If you need like by line input, use std::getline(std::istream&, std::string&), like this:
std::vector<std::string> lines;
std::ifstream file(...) //Fill in accordingly.
std::string currentLine;
while(std::getline(file, currentLine))
lines.push_back(currentLine);
You can split a line apart by putting it into an std::istringstream first and then using operator>>. (Alternately, you could cobble up some sort of splitter using std::find and other algorithmic primitaves)
EDIT: This is the same thing as in #dash-tom-bang's answer, but modified to be correct with respect to error handing:
vector<string> words;
int currentLine = 1; // or 0, however you wish to count...
string line;
while (getline(inputFile, line))
{
istringstream inputString(line);
string word;
while (inputString >> word)
words.push_back(pair(word, currentLine));
}
Short and sweet.
vector< map< string, size_t > > line_word_counts;
string line, word;
while ( getline( cin, line ) ) {
line_word_counts.push_back();
map< string, size_t > &word_counts = line_word_counts.back();
istringstream line_is( line );
while ( is >> word ) ++ word_counts[ word ];
}
cout << "'Hello' appears on line 5 " << line_word_counts[5-1]["Hello"]
<< " times\n";
You're going to have to abandon reading into strings, because operator >>(istream&, string&) discards white space and the contents of the white space (== '\n' or != '\n', that is the question...) is what will give you line numbers.
This is where OOP can save the day. You need to write a class to act as a "front end" for reading from the file. Its job will be to buffer data from the file, and return words one at a time to the caller.
Internally, the class needs to read data from the file a block (say, 4096 bytes) at a time. Then a string GetWord() (yes, returning by value here is good) method will:
First, read any white space characters, taking care to increment the object's lineNumber member every time it hits a \n.

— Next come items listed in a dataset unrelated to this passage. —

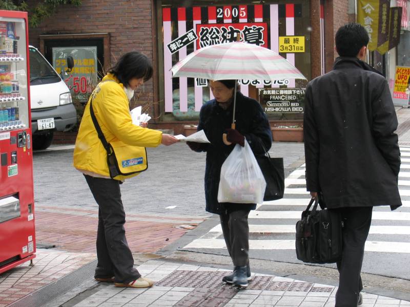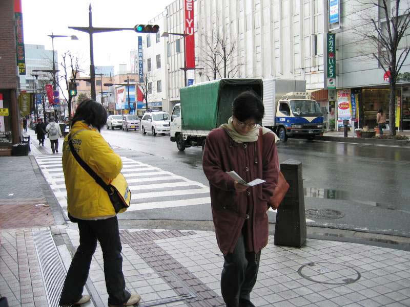 通过不断的讲真象,当地警察知道法轮功学员向来都是和平呼吁停止迫害,因而活动申请许可很顺利。那几天负责这事的担当还多次给学员打电话,问(资料)发得怎么样,接的人多吗,有没有人来找麻烦(指中国大使馆),如果有一定要尽快与他联系等等。一位刚从中国过来的老年法轮功学员知道这事后,感叹说:咱中国的警察黑白不分的抓打好人,日本的警察怎么这么好呢?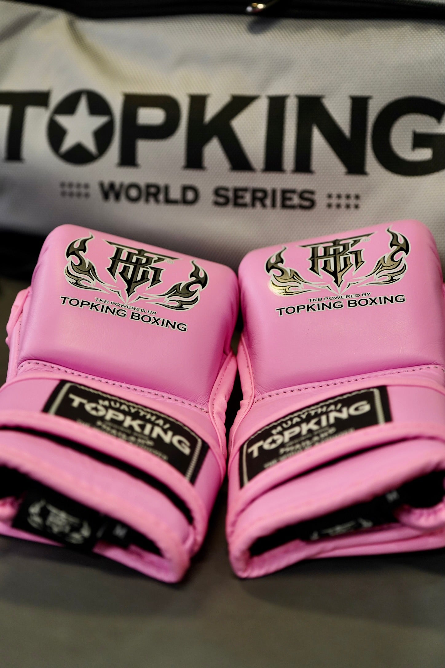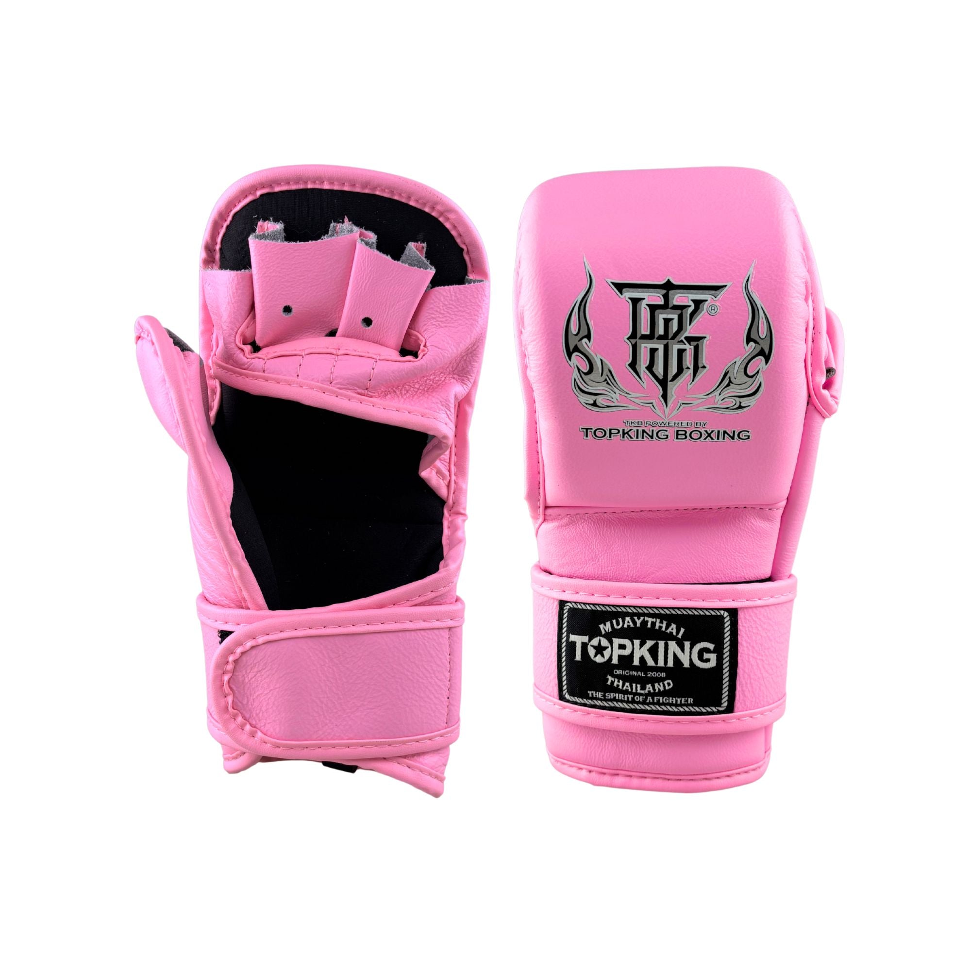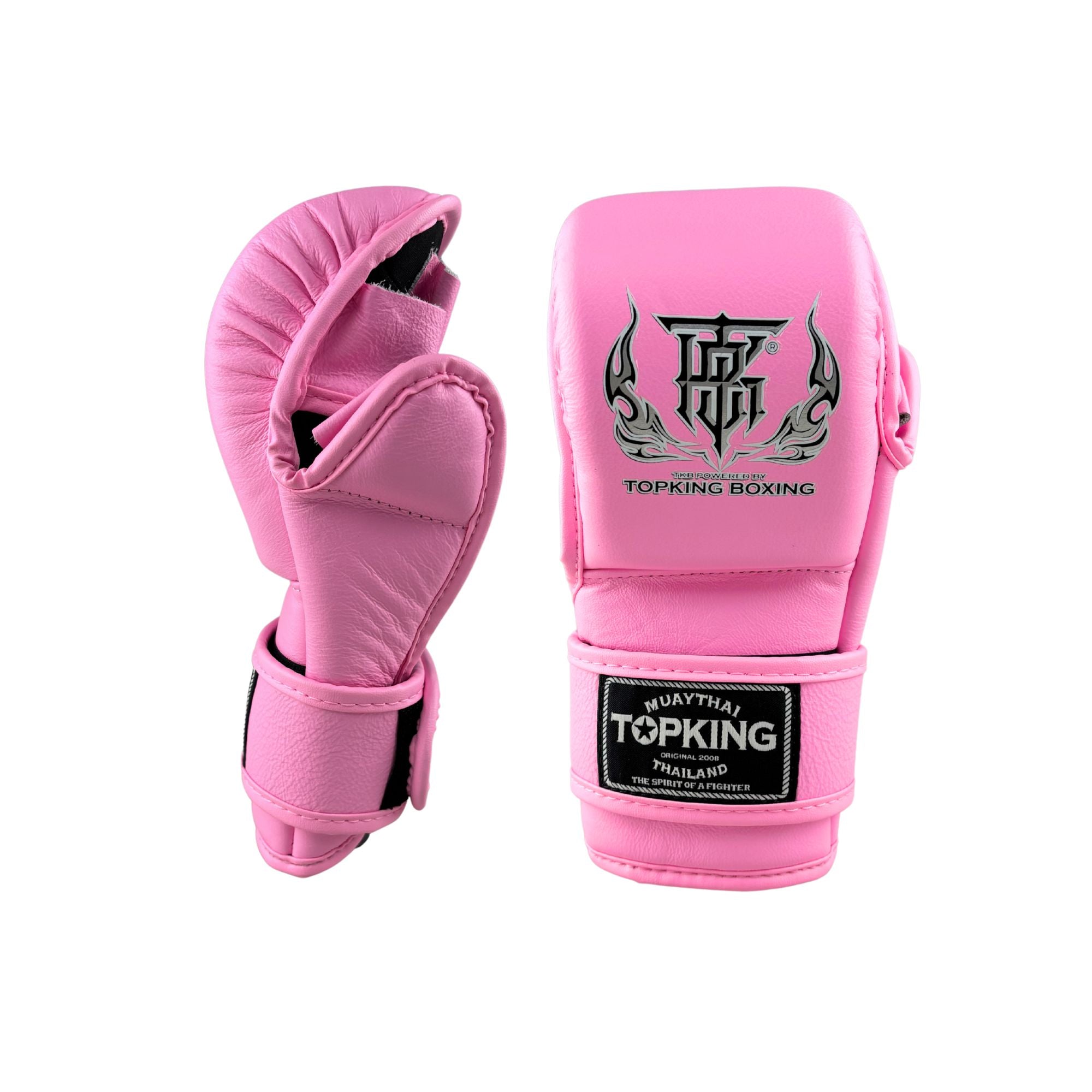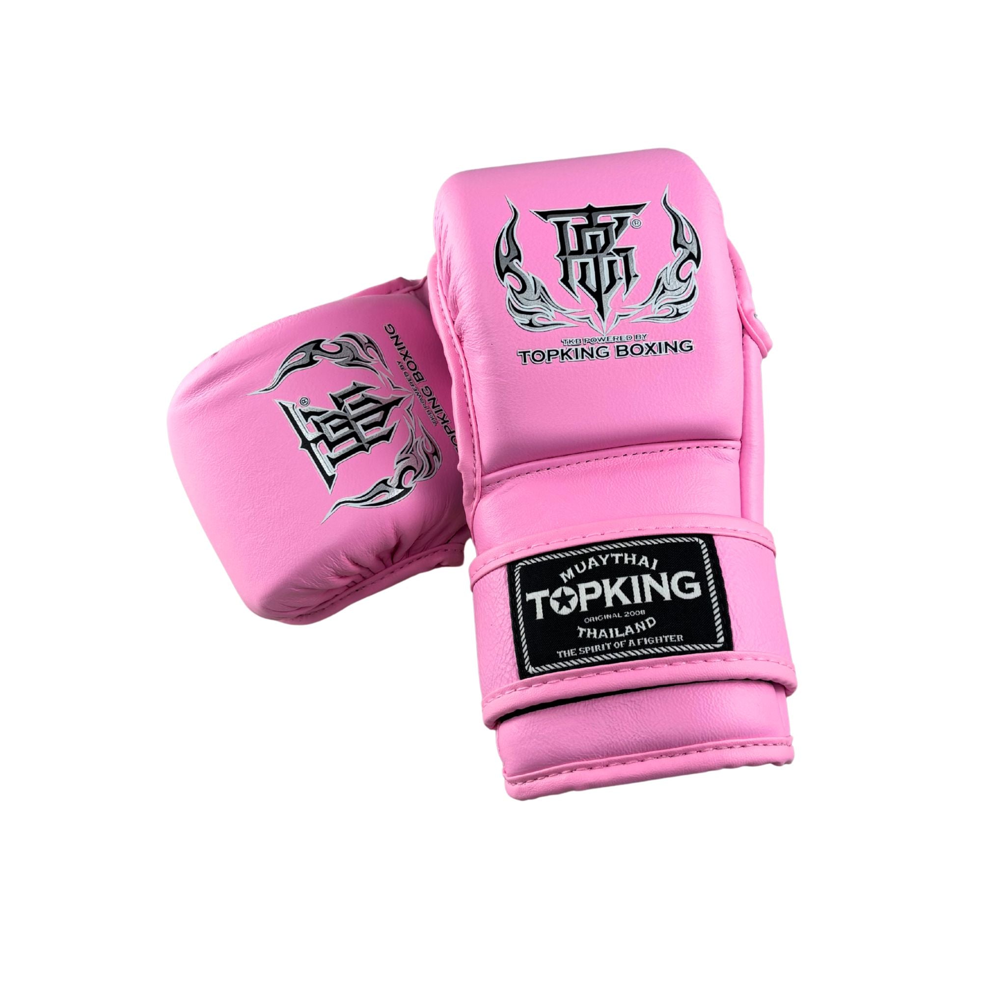 Top King 'Combat' Pink MMA Gloves with thumb protection. The MMA glove has thicker padding which is suitable for light sparring. MMA Shin Guards available. Handmade made from genuine cow leather for durability. Used by Professional Muay Thai & MMA (UFC) fighters.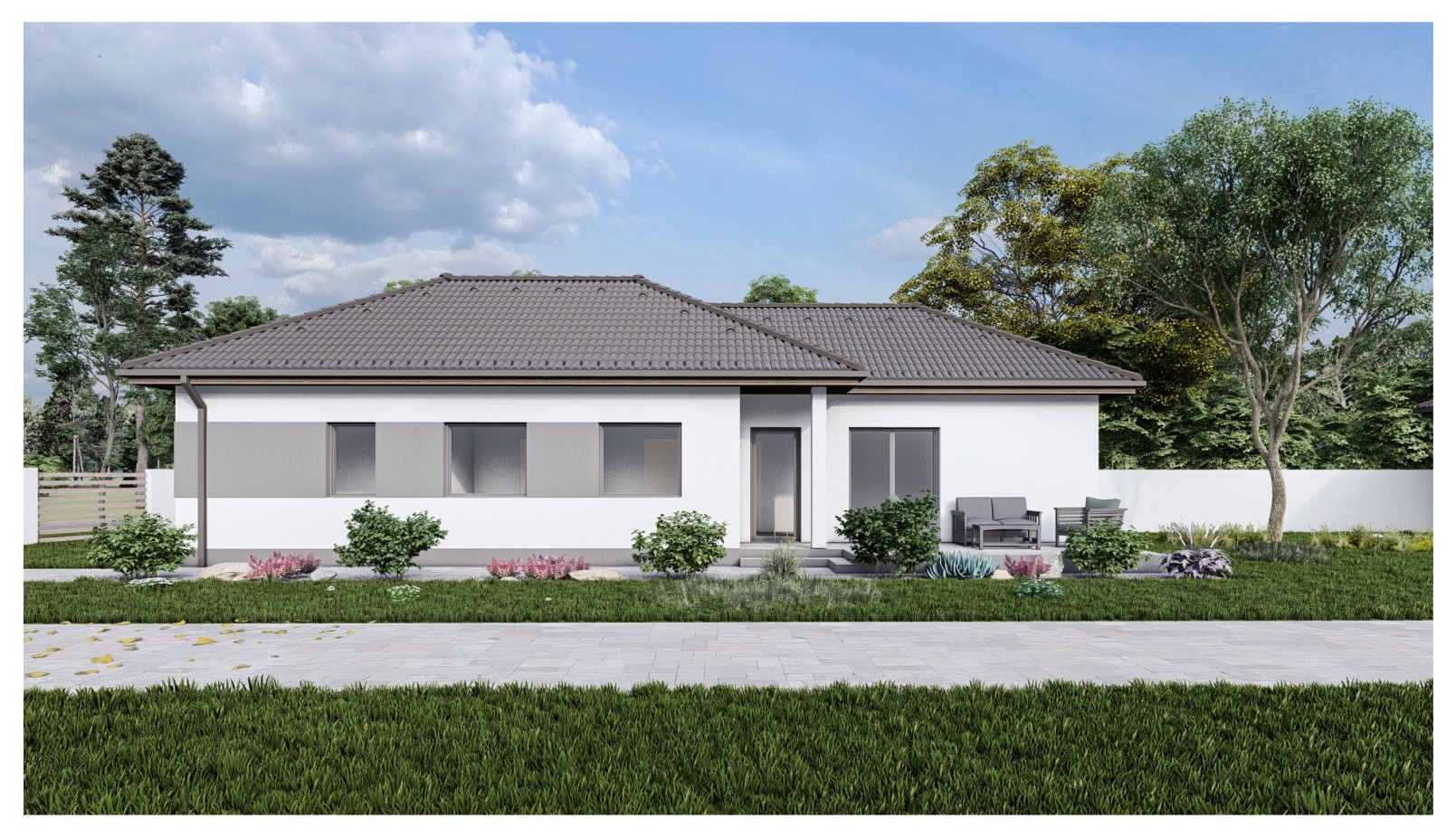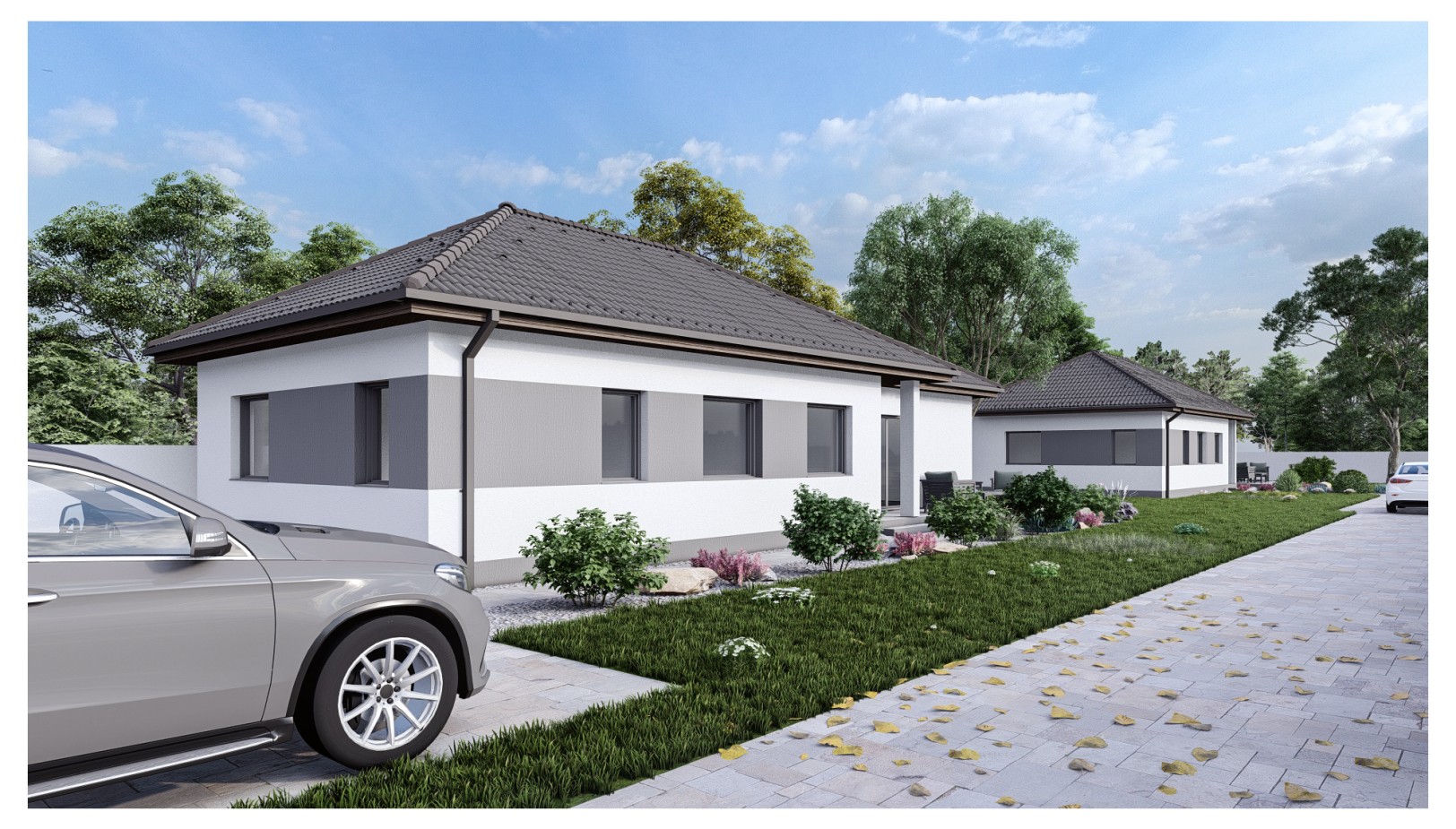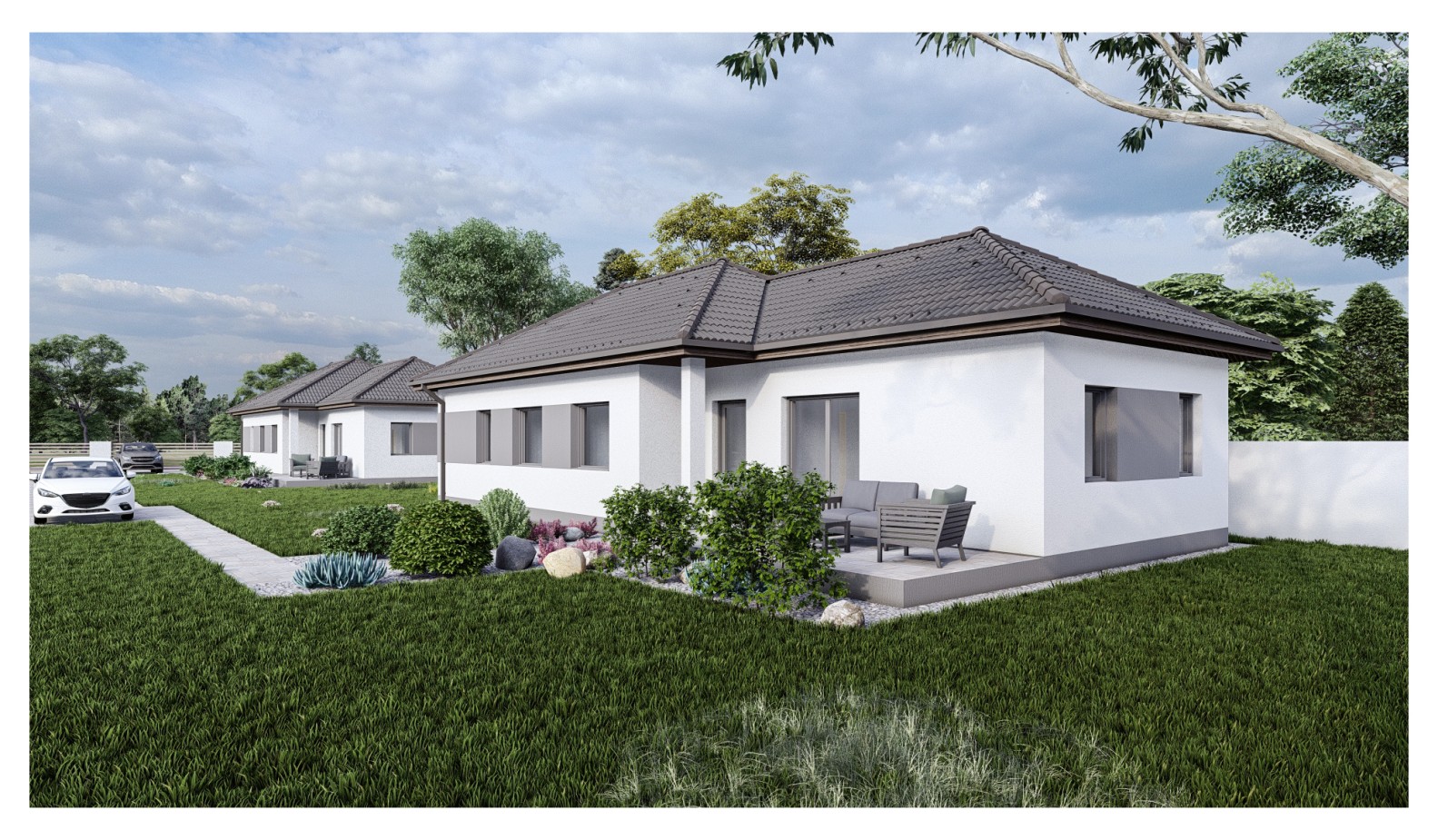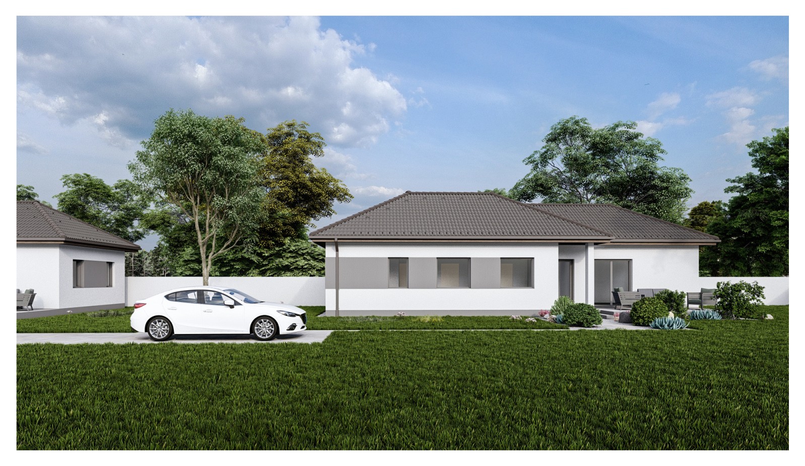 A ház tégla építésű, modern technológiával készül, praktikus elrendezéssel és korszerű kialakítással. A 4 szoba és a 2 külön fürdőhelyiség nagyobb családok számára is ideális életteret biztosít, míg az amerikai konyhás nappali a családi élet központi helyszíne lehet.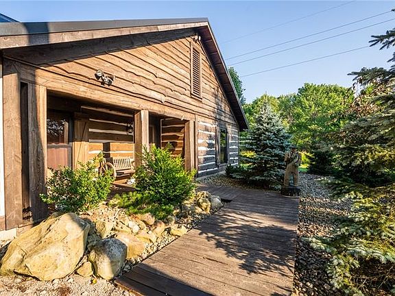 Welcome home to this one of a kind, 6 year old country abode with Rustic Hemlock exterior on your own private 5 acres! You will be amazed at the quality craftsmanship that abounds inside and out everywhere you look! Bring the nature of the outdoors inside with the matching log furniture being included in the sale. Hemlock interior throughout from the covered front porch that leads into the 5x8 foyer, down the hallway to the spacious great room with wood, vaulted ceilings, floor to ceiling windows and the gas burning FP with massive stone hearth. The open design of the house creates a homey ambiance as the FR continues into the custom kitchen and the 19x14 sunroom that overlooks the maintenance free landscaping w/ fenced pet area. 3 large bedrooms, 2 full baths, 13x9 laundry off the one car attached garage with workshop area. 2 pole buildings for RV or boat w/ 400 amp, huge shed and greenhouse w/ electric and water, cool fire pit area. 4 acres of woods behind the house, 4 miles to I-79

Then read non-whitespace characters, putting them into the string object you'll be returning.
If it runs out of stuff to read, read the next block and continue.
If the you hit the end of file, the string you have is the whole word (which may be empty) and should be returned.
If the function returns an empty string, that tells the caller that the end of file has been reached. (Files usually end with whitespace characters, so reading whitespace characters cannot imply that there will be a word later on.)
Then you can call this method at the same place in your code as your cin >> line and the rest of the code doesn't need to know the details of your block buffering.
An alternative approach is to read things a line at a time, but all the read functions that would work for you require you to create a fixed-size buffer to read into beforehand, and if the line is longer than that buffer, you have to deal with it somehow. It could get more complicated than the class I described.